The mule stretched out its neck at Spots and gave a deafening bray with aggressive overtones. The kzin’s fur bottled, and he hissed back at the mule, which blinked and fell silent. From the way its eyes rolled, it was keeping a wary watch on the big carnivore…

“Thiss’un‘ll do,” Hans told the owner. “And the other five.”

The grizzled farmer nodded and whistled for the town registrar, who came over with a readout pistol and scanned the barcodes laser-marked into the mules’ necks.

“Set down,” she said, tucking the instrument into a holster in her skirts. “New system, just back on line-haven’t had a computer link like this since way back in the occupation.” She gave Spots a hard glare; that was extremely bad manners by kzinti standards, but the felinoid stared over her head.

Poor bleeping pussy must have had a lot of practice at that, Jonah thought with some compassion. Stares and jostling and tobacco smoke; life was not easy for kzin under human rule. On the other hand, we don’t enslave or eat them so matters are rather more than even.

“Might as well get started,” Hans concluded, after slapping palms with the farmer. “You fellas need to learn how to do up a pack saddle. Got to be balanced, or you’ll get saddle galls and then we’ll be stuck without enough transport to carry our gear. Couldn’t have that. All right, first lesson.”

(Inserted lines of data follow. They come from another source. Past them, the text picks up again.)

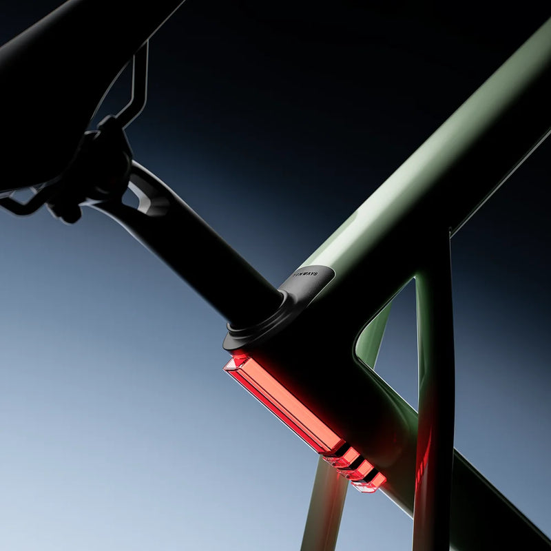 El atrevido cuadro en forma de paralelogramo es foco de todas las miradas y las flamantes luces combinan estilo y visibilidad. Un diseño que no sacrifica el placer de pedalear.
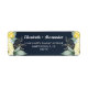 Contemporary wedding return address label featuring yellow roses watercolor illustration and white text over a classic navy blue background.
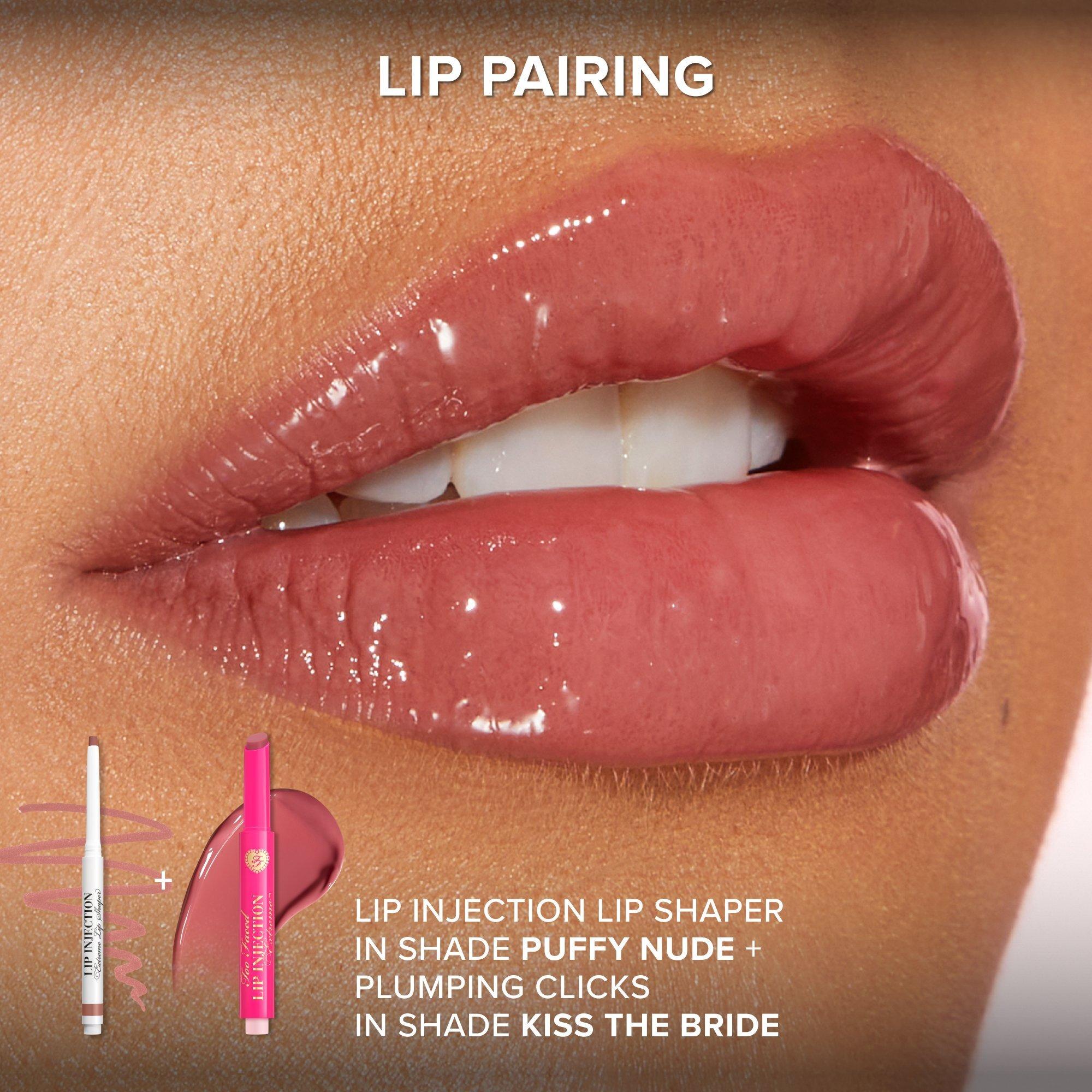 Too Faced's strawberry-scented, glossy Lip Injection Extreme Plumping Clicks delivers sheer-to-medium buildable color + 8 hours of hydration with just one click. The creamy formula melts on, plumps lips instantly, and leaves them with gorgeous shine and a kiss of color.
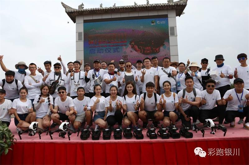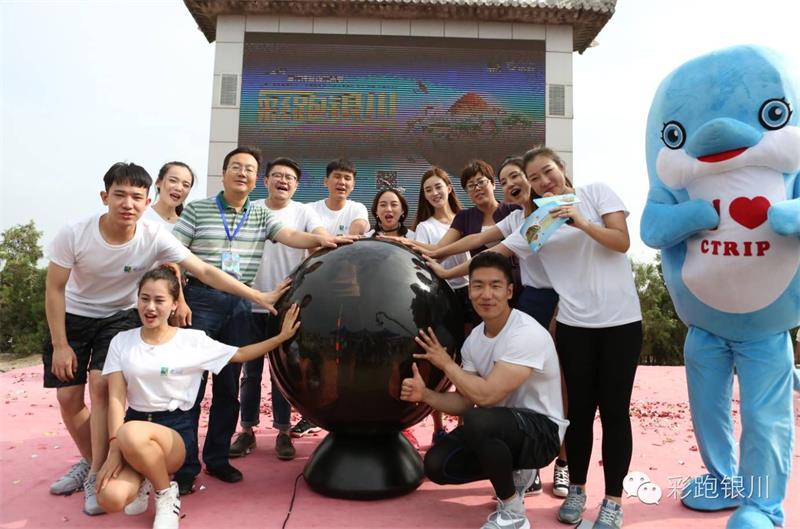 银川市体育旅游局、携程旅行网、镇北堡西部影城领导与彩跑队员共同启幕“彩跑银川”
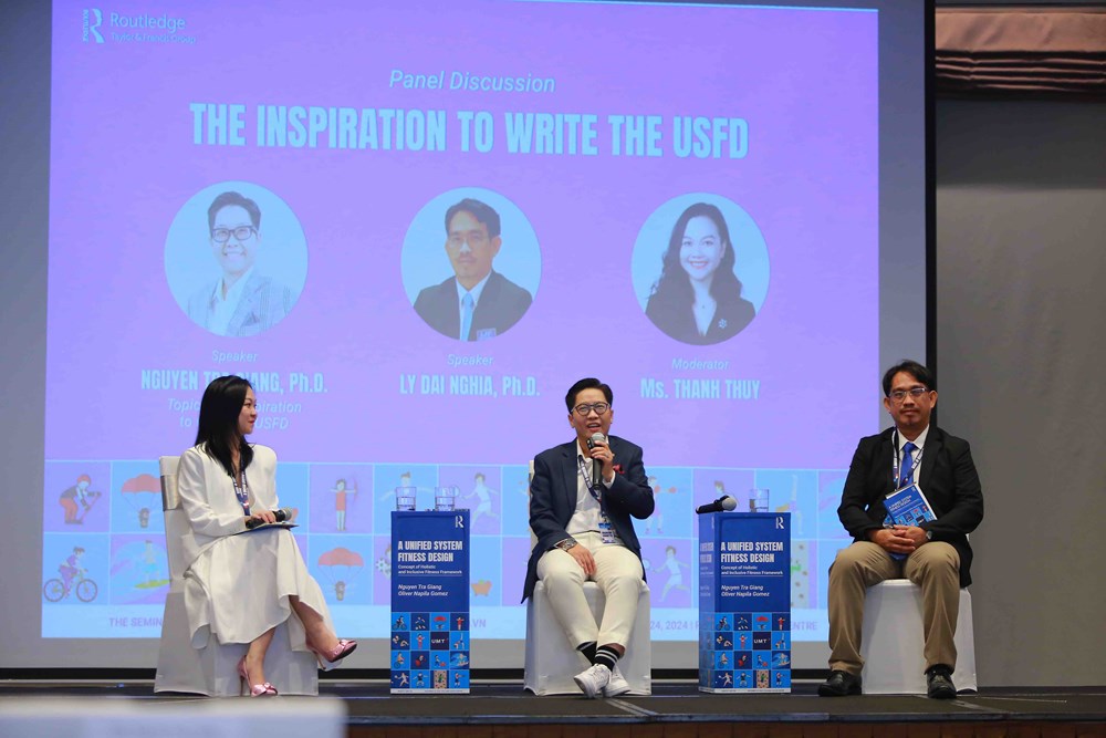 Tiến sĩ Nguyễn Trà Giang và cộng sự - Tiến sĩ Oliver Napila Gomez hiện đang công tác tại Trường Đại học Quản lý và Công nghệ TP.HCM (UMT) đã có buổi giới thiệu cuốn sách với tựa đề Mô hình Thể chất toàn diện và bao hàm - A Unified System Fitness Design" (USFD) được xuất bản bởi Nhà xuất bản Routledge (Anh).

He handed one of the wood-and-leather frames to Spots, together with a blanket. “Fold the blanket, then put the saddle firmly across.”

Spots picked up the gear in his stubby-fingered four-digit hands, conscious of the village loafers and small children watching him. So conscious that he did not realize what the mule’s laid-back ears meant, and the way it turned its head to fix him with one distance-estimating eye. The kick was swift even by kzinti standards, and precisely aimed. Spots made a whistling sound as he flew back, folding around his middle. The onlookers laughed; he fought back to all fours. His back arched, fir bottled out, ears folded away in combat mode, and his tail stood out like a pink column behind him. He was beyond lashing it, in his rage, and his lower jaw sank down on his breast in the killing gape as he whooped for breath. Adrenaline surge and lack of oxygen sent gray across his eyes and narrowed his vision down to a tunnel. When a human moved at the corner of it, he whirled and began the upward gutting stroke with barred claws.

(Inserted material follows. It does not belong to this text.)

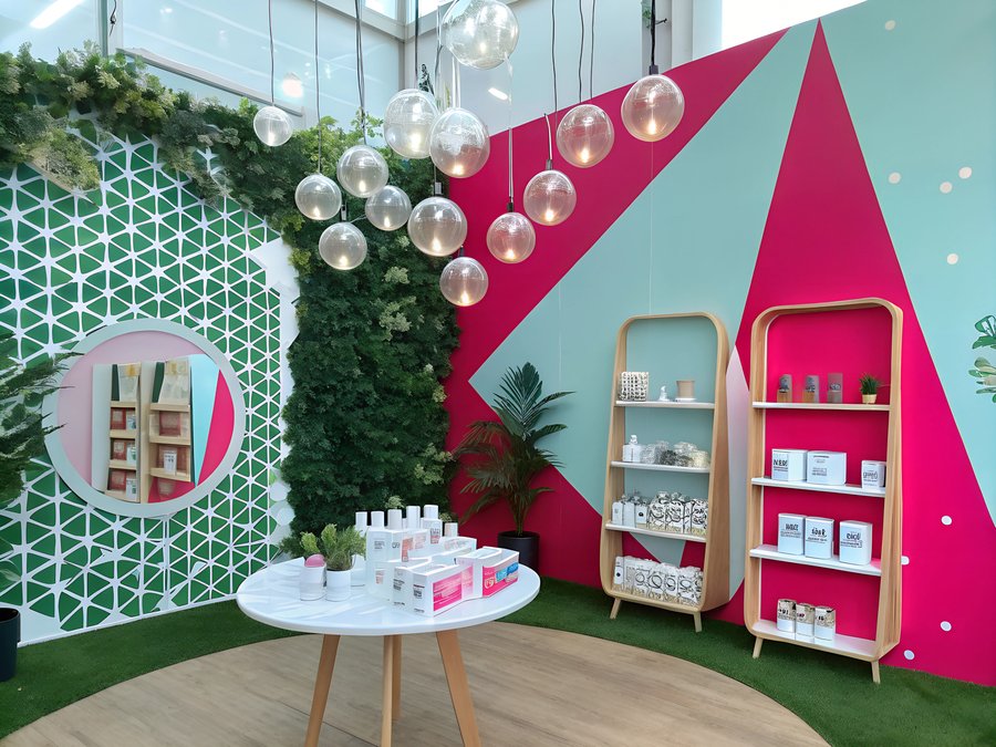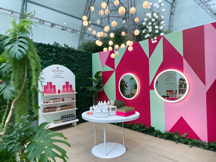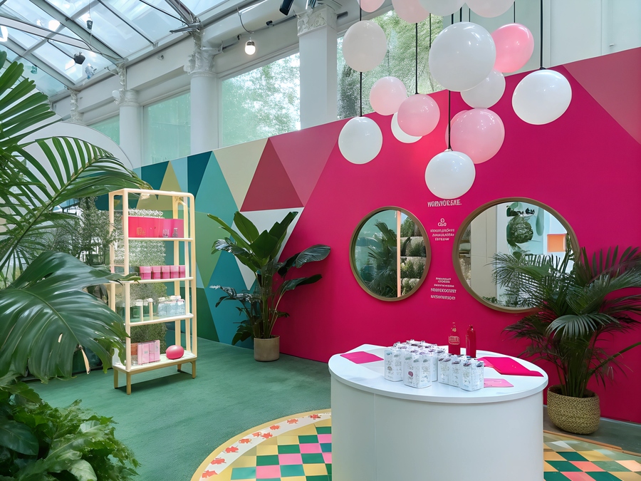 Промпт: «Create a pop-up store for a skin care brand with geometric illustrations on the walls, bubble clandeliers, mirrors with inflatable frames, plants. Skin care products placed on a round table in the middle of the store and shelves»
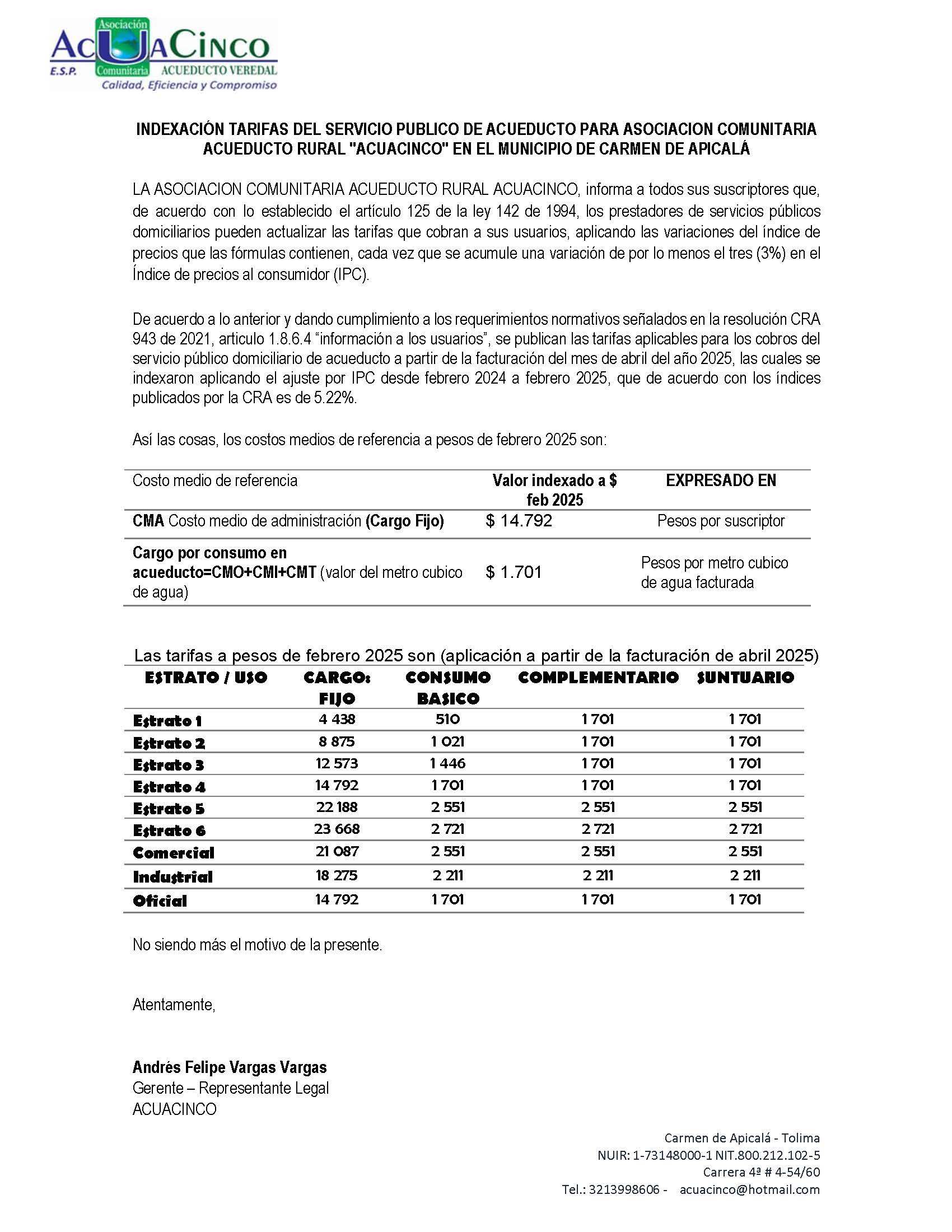 La Asociación Comunitaria Acueducto Rural ACUACINCO, fiel a su compromiso con la transparencia, la sostenibilidad y el bienestar de nuestras comunidades rurales, informa a todos sus suscriptores que, a partir de Julio de 2025, se implementarán nuevas tarifas para el servicio de acueducto, conforme a la Resolución CRA 864 de 2018 y demás normas complementarias.

The motion froze. It was the human Jonah, and he stood calmly in the position of respectful-nonaggression, with no smell of fear His teeth were decently concealed. Slowly, slowly, willpower beat down the aching need to kill and the rage-shame of mockery. The loafers had tumbled backward at the blurring-swift kzin leap that left Spots back on his feet, though some of the children had cried out in delight as at a wonder. Spots’s pelt sank back toward normal, and he forced his ears to unfold, his tail to relax. Jonah bent and picked up the saddle and its blanket pad.

“Shall we do this together?” he said in an even voice. “I wouldn’t care to be kicked by that thing, myself- I don’t have cartilage armor across my middle the way you Heroes do.”

Stiffly, Spots’s ears waggled; the equivalent of a forced smile. “Mine is not in very good condition, at the moment. How shall we approach?”

“One on either side,” Jonah said. “We shouldn’t give him a target.”

“Hrraaaeeeeeeee!” Rigs shrieked and leapt.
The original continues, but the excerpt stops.